▶ _Exercise brief_
Omit all images, then repeat exactly the lines below from the one containing "LimeLinen Flushable Wipes" through the one containing "5. Press the[ ]", both ends included.

___ Record extracts

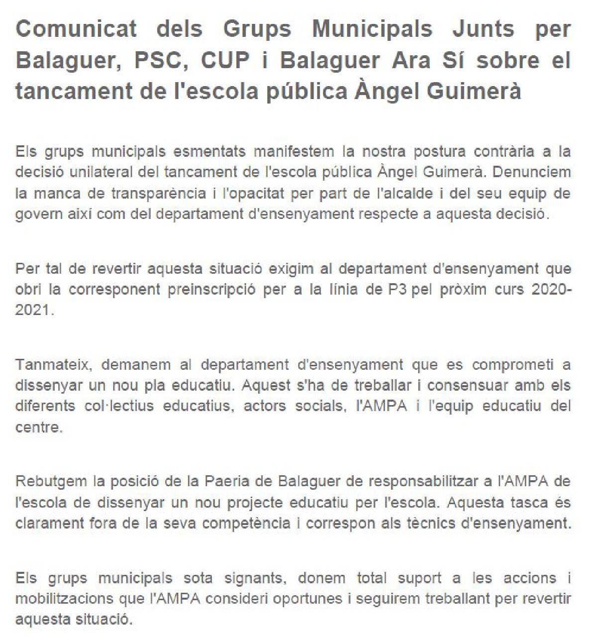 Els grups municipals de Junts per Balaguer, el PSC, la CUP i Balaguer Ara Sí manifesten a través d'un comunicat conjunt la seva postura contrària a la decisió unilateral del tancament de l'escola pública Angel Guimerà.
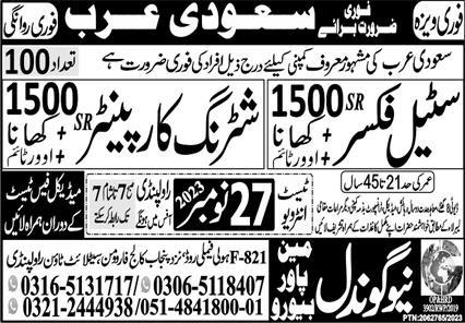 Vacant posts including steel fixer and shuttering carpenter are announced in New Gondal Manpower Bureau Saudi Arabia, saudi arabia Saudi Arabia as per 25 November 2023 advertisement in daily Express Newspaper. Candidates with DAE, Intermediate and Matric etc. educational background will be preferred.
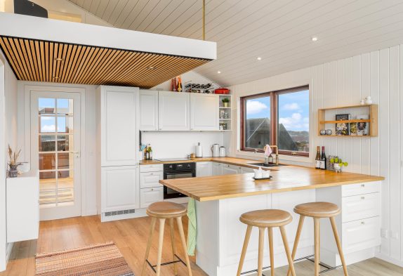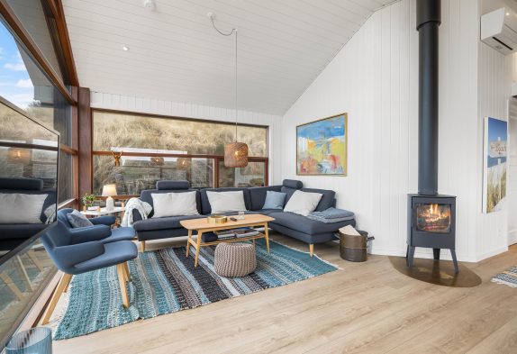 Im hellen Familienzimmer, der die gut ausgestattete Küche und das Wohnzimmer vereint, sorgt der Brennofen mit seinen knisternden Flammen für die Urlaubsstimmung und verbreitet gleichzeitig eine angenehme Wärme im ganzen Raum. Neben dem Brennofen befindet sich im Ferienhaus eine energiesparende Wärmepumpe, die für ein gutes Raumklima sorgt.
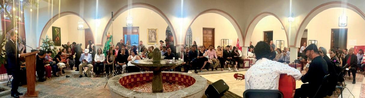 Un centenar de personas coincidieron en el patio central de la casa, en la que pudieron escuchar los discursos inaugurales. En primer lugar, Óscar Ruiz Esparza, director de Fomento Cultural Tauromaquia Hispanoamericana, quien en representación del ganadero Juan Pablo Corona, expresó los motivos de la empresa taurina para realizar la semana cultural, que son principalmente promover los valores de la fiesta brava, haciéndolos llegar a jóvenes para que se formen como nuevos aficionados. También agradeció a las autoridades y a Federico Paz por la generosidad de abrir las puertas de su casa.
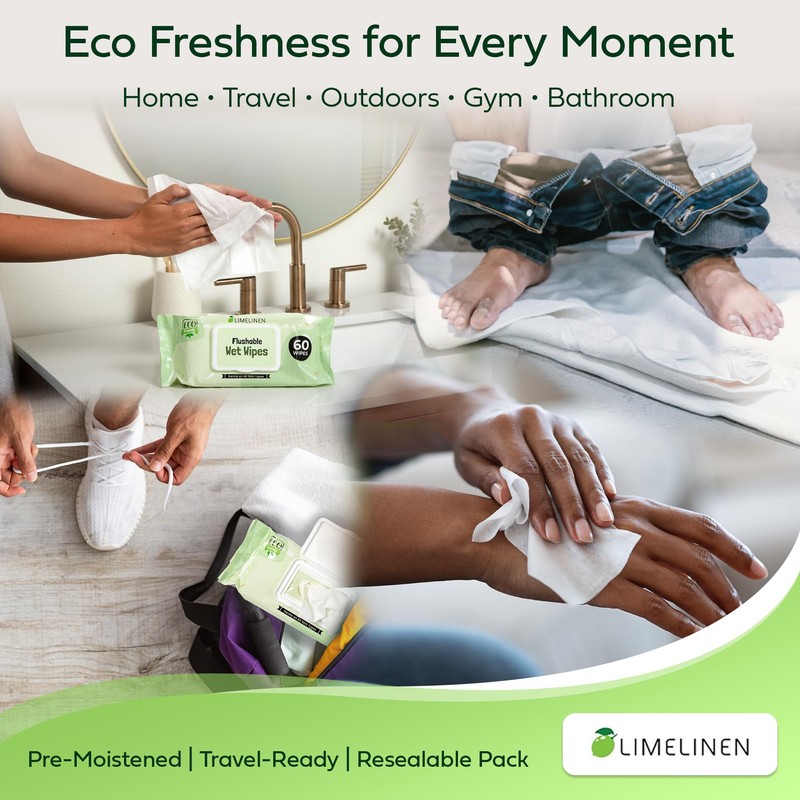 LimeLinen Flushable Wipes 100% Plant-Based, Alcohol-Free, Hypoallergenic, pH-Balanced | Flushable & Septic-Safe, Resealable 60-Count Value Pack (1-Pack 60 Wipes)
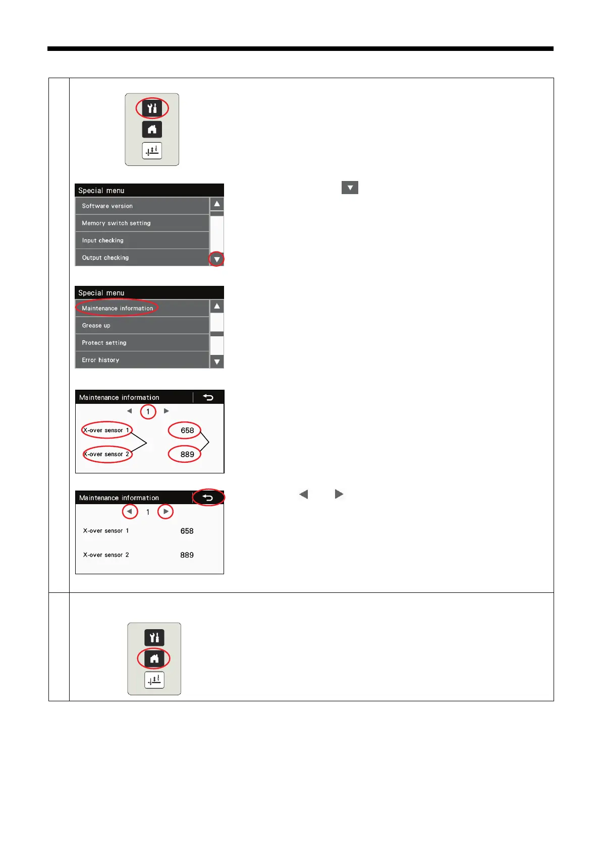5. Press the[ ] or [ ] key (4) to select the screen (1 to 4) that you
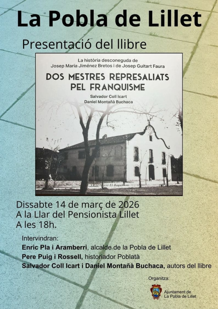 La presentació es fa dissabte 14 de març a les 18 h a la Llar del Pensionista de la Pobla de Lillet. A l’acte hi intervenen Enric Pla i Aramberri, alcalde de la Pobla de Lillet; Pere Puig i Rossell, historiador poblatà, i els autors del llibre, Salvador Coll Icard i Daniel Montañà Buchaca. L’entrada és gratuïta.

______

▶ _Problem solution_
 LimeLinen Flushable Wipes 100% Plant-Based, Alcohol-Free, Hypoallergenic, pH-Balanced | Flushable & Septic-Safe, Resealable 60-Count Value Pack (1-Pack 60 Wipes)
5. Press the[ ] or [ ] key (4) to select the screen (1 to 4) that you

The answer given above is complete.